Desideria Ampon
- Country (sports): Philippines
- Born: September 19, 1924

Medal record
Asian Games
| Silver medal – second place | 1958 Tokyo | Women's singles |
| Silver medal – second place | 1958 Tokyo | Women's doubles |
| Silver medal – second place | 1966 Bangkok | Women's doubles |
| Bronze medal – third place | 1958 Tokyo | Mixed doubles |
| Bronze medal – third place | 1962 Jakarta | Women's singles |
| Bronze medal – third place | 1962 Jakarta | Women's doubles |
| Bronze medal – third place | 1962 Jakarta | Women's team |
| Bronze medal – third place | 1962 Jakarta | Mixed doubles |
| Bronze medal – third place | 1966 Bangkok | Women's team |

= Desideria Ampon =

Filipino tennis player (born 1924)

Desideria Ampon (born September 19, 1924) was a Filipino former tennis player. She was the daughter of former tennis player Felix Ampon and the sister of Felicisimo Ampon.

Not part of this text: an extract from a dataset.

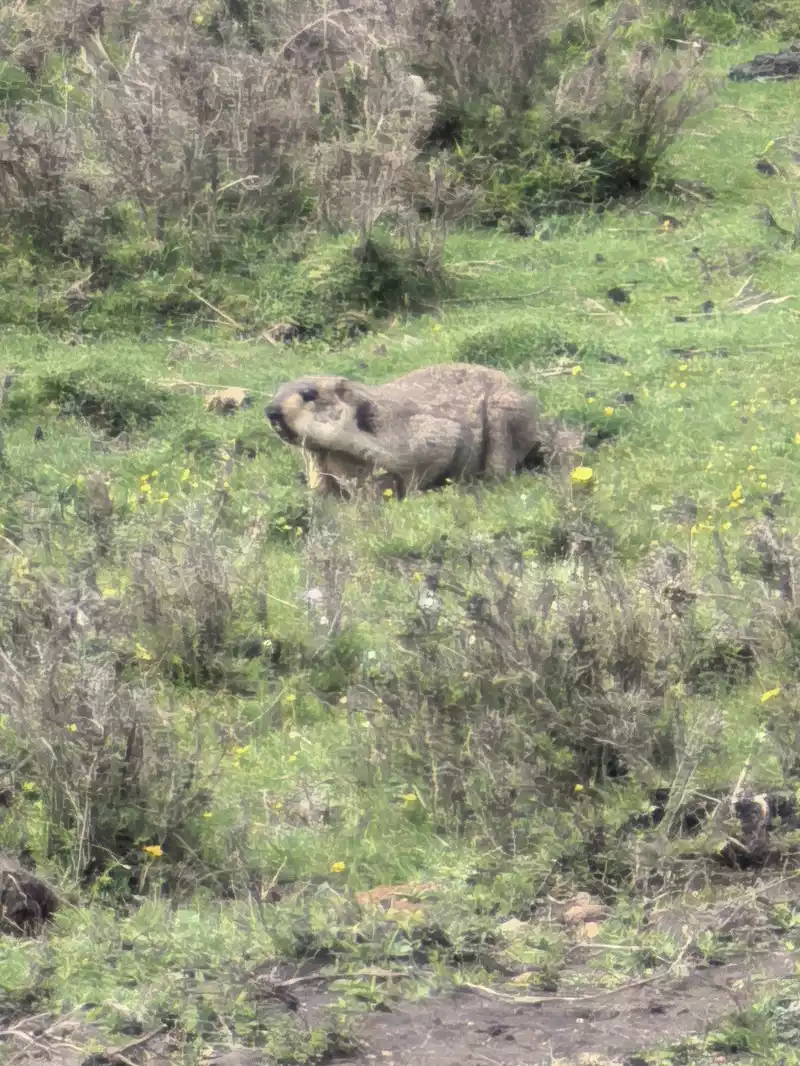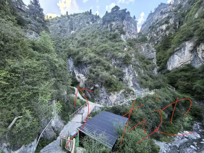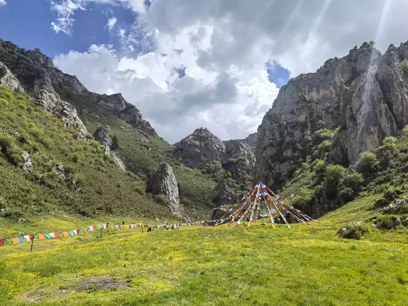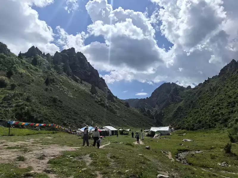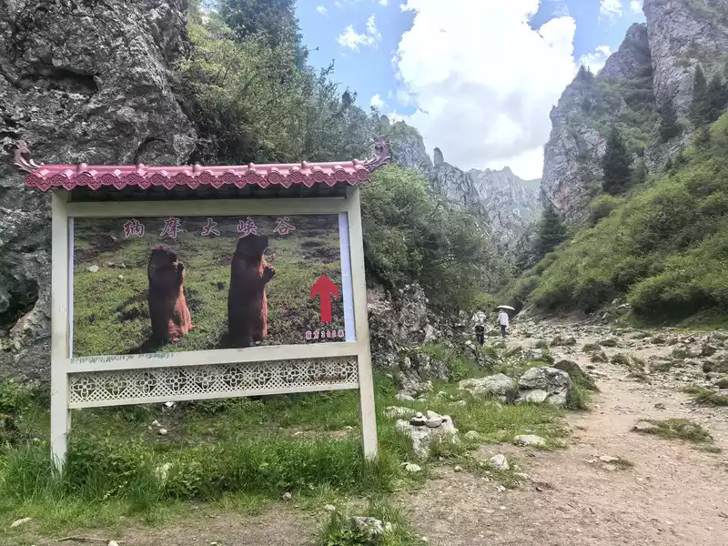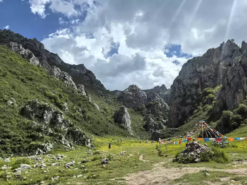 Namo Grand Canyon, when doing a guide, it is said that you can explore the source of the Bailongjiang River, of course, you need to hike more deeply to get there. You can also hike along the Bailongjiang River to an open lawn and take your children for a light hike. You can also ride a horse back and forth, the road is full of horse manure, and I also bought 4 pairs of shoe covers for this. As a result, the time period we went to should be the dry season of the Bailongjiang River, and after walking for a while, there was no water at all, it was all an underground river, and not a single horse was seen... At the end of the hike, we reached the open lawn, where drinks and food were sold, and there were many groundhogs nearby... The hole, the groundhog is a thing I haven't seen. There are also tourists who see groundhogs, which depends on your luck. After resting for a while, the sky suddenly changed in the canyon, and there were dark clouds and thunder, so we hurried back. Fortunately, it rained a little when I got to the parking lot. It is estimated that the canyon is relatively large.Then I drove to the direction of Tangke Town

She won the women’s singles event at the Philippines Open International Championships a record eleven times – in 1955, 1956, 1958, 1959, 1960, 1965, 1966, 1967, 1968, 1969 and 1971. Desideria also enjoyed success in the women’s doubles and the mixed doubles events at the same tournament.

At the Asian Games, Ampon won nine medals over the course of three competitions. In 1958, in Tokyo, she won the silver medal in the women’s singles event, silver also in the women’s doubles event (w. Patricia Yngayo) and bronze in the mixed doubles event with her brother Felicisimo. In 1962, in Jakarta, Indonesia, Desideria won the bronze medal in the women’s singles event, women's team event and the bronze also in the women’s doubles event (w. Patricia Yngayo) and the bronze again in the mixed doubles event (w. Miguel Dungo). Lastly, in 1966, in the Thai capital Bangkok, Desideria won the silver medal in the women’s doubles event with Patricia Yngayo and the bronze medal in women's team event.